Background and release 
On September 1, it was revealed that Le Sserafim would be making their first comeback with new music in the fall. Through a short video clip published on September 19, Le Sserafim announced the title and release date of their upcoming extended play (EP). Source Music then shared the EP's physical release details on social media platforms. Three sets of concept photos titled "Midnight Onyx", "Iridescent Opal" and "Frozen Aquamarine" were also revealed in the weeks leading up to the release of Antifragile. The track samplers and track list were released on October 3 and 4, respectively. The music video for the lead single was released prior to the EP.

Composition 
The EP contains five songs, including the lead single of the same name, "Antifragile". Member Huh Yun-jin participated in the songwriting process of the third, fourth, and fifth tracks. In addition, member Sakura participated in writing and composing the fifth track. 
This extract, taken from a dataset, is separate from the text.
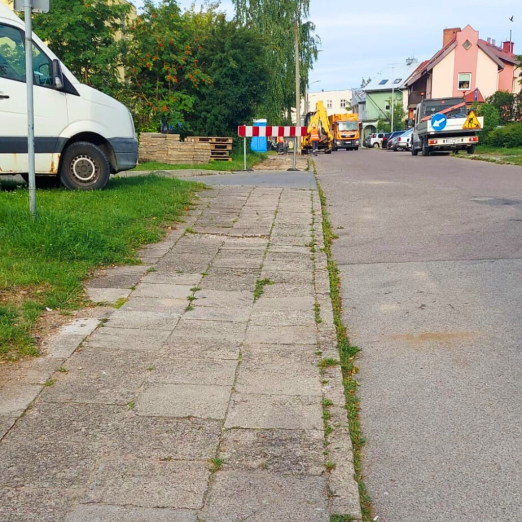 W poniedziałek rozpoczęły się prace remontowe na południowej stronie ulicy Ogińskiego w Suwałkach, obejmujące zarówno chodniki, jak i miejsca parkingowe.

The record opens with "bass-heavy" intro, "The Hydra". The track references a "mythological creature", where each member speaks in their native language. The second track, "Antifragile", is described as an "Afro-Latin style" pop song with a "heavy" Latin rhythm. The lyrics of the song convey the message that difficult times are stimulus for growth and that with this mindset, they will become stronger. It is followed by "Impurities", which is described as a "sophisticated" R&B track. The fourth track, "No Celestial", is a punk-pop song, characterized with heavy guitar sound. The lyrics are "all about embracing their flaws". The closing track "Good Parts (When the Quality Is Bad but I Am)", is another R&B track, where the members sing about finding "true courage in embracing one's flaws".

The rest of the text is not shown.